The food infrastructure for a resilient community is dedicated to the provision of integrated food-fiber-fuel systems for advanced civilization and resilient communities and aims to demonstrate a best-practice system for feeding 100-200 people with a core team of 4 agricultural generalists, or Open Source Agroecologists. The difference between our work and other work on food systems is that we are interested in an explicit goal of :

  1. a full-diet, local, year-round food system
  2. economic feasibility for feeding 100-200 people with the stewardship of 4 people by using high, appropriate technology equipment
  3. distributive economic nature of the venture – in that enterprise documentation and replication assistance for the enterprise is available.

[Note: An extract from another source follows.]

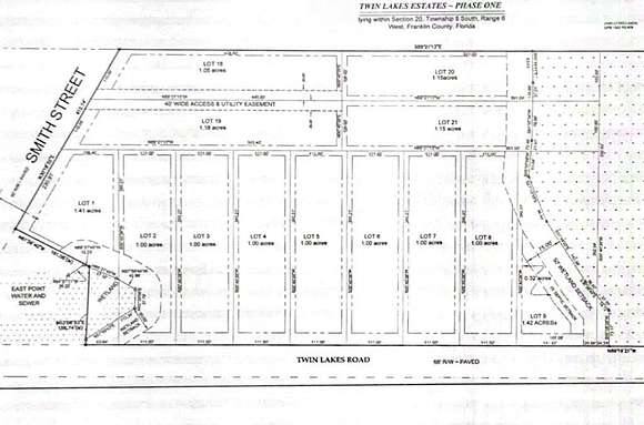 Welcome to Twin Lakes Estates, a newly platted neighborhood in the heart of Eastpoint, Florida. This pristine 1 acre (or more) lot offers a unique opportunity to build your dream home in a serene and picturesque setting. Nestled amidst natural beauty, Twin Lakes Estates provides a tranquil retreat while still being conveniently located near local amenities and attractions. No HOA but Deed Restrictions do apply. Whether you're looking to build a permanent residence or a vacation getaway, Twin Lakes Estates offers the perfect blend of seclusion and accessibility. Don't miss out on this rare opportunity to own a piece of paradise in Eastpoint, Florida. No mobile homes are allowed. Lots are marked along the right of ways on survey markers...see lot numbers. Give us a call today!
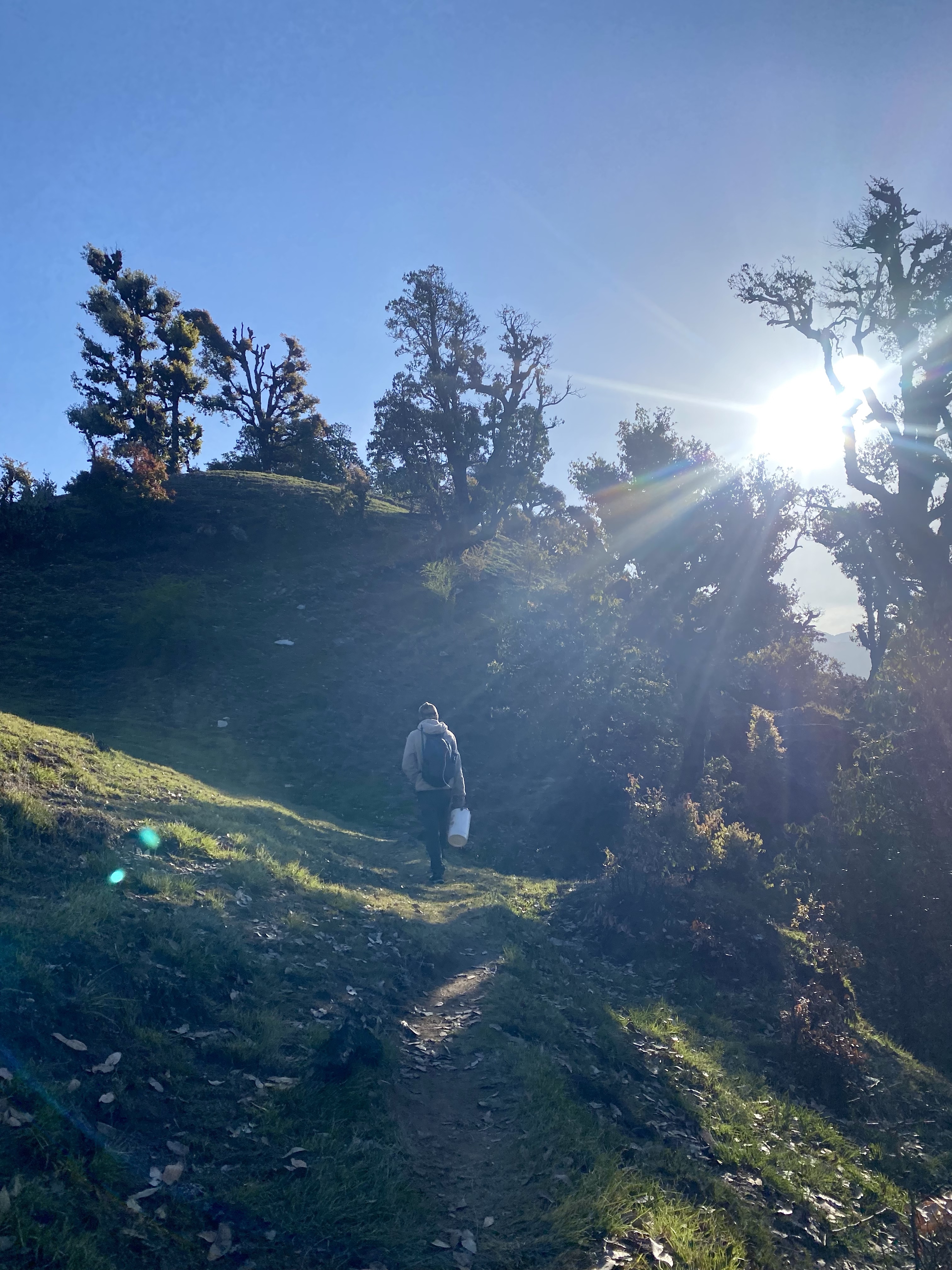 🌳 Day 3 เริ่มเดิน 6.00 จาก Deoriatal (2400 m) ไป Baniyakund (2600 m) via Rohini Bugyal ถึง 15.00 ระยะทาง 16 km elevation gain 1200 m ใช้เวลาประมาณ 7-8 ชั่วโมง เส้นนี้เรียก Chopta ทางเป็นภูเขา ต้นไม้ ป่า อากาศเย็นสบาย แต่กลางวันร้อนแดด แพ็คอาหารกลางวันไปทาน วันนี้จะเหนื่อยสุด เดินนานสุด gain ใช้ได้เลย เดินขึ้นๆ ลงๆ เขา เส้นนี้จะจบที่ถนน แล้วนั่งรถไปที่แคมป์อีกประมาณ 15 นาที คืนนี้นอนแคมป์ มีผ้าห่ม ห้องน้ำให้ ไม่มีสัญญาณมือถือ

We are proposing the integration of perennial agriculture, living gene bank, open source equipment, and agroecology – or what we call open source agroecology - towards a replicable package of providing healthy, local food for everybody. We propose community supported production as a means of linking the urban and rural landscapes in a mutual inter-independence for providing food, biofuels, lumber, and other products. Can this become a viable and mainstreamable model for providing needs from local resources? What items of local production can be included in this? If our program is insufficient, what are we missing?

Vision Statement

At Factor e Farm we aim to produce a template for a subsistent food system, that is replicable, scalable, and adaptive for anyone looking to live off of their land using low-cost materials and sustainable practices, enabling them to be autonomous in terms of food, fiber, and fuel.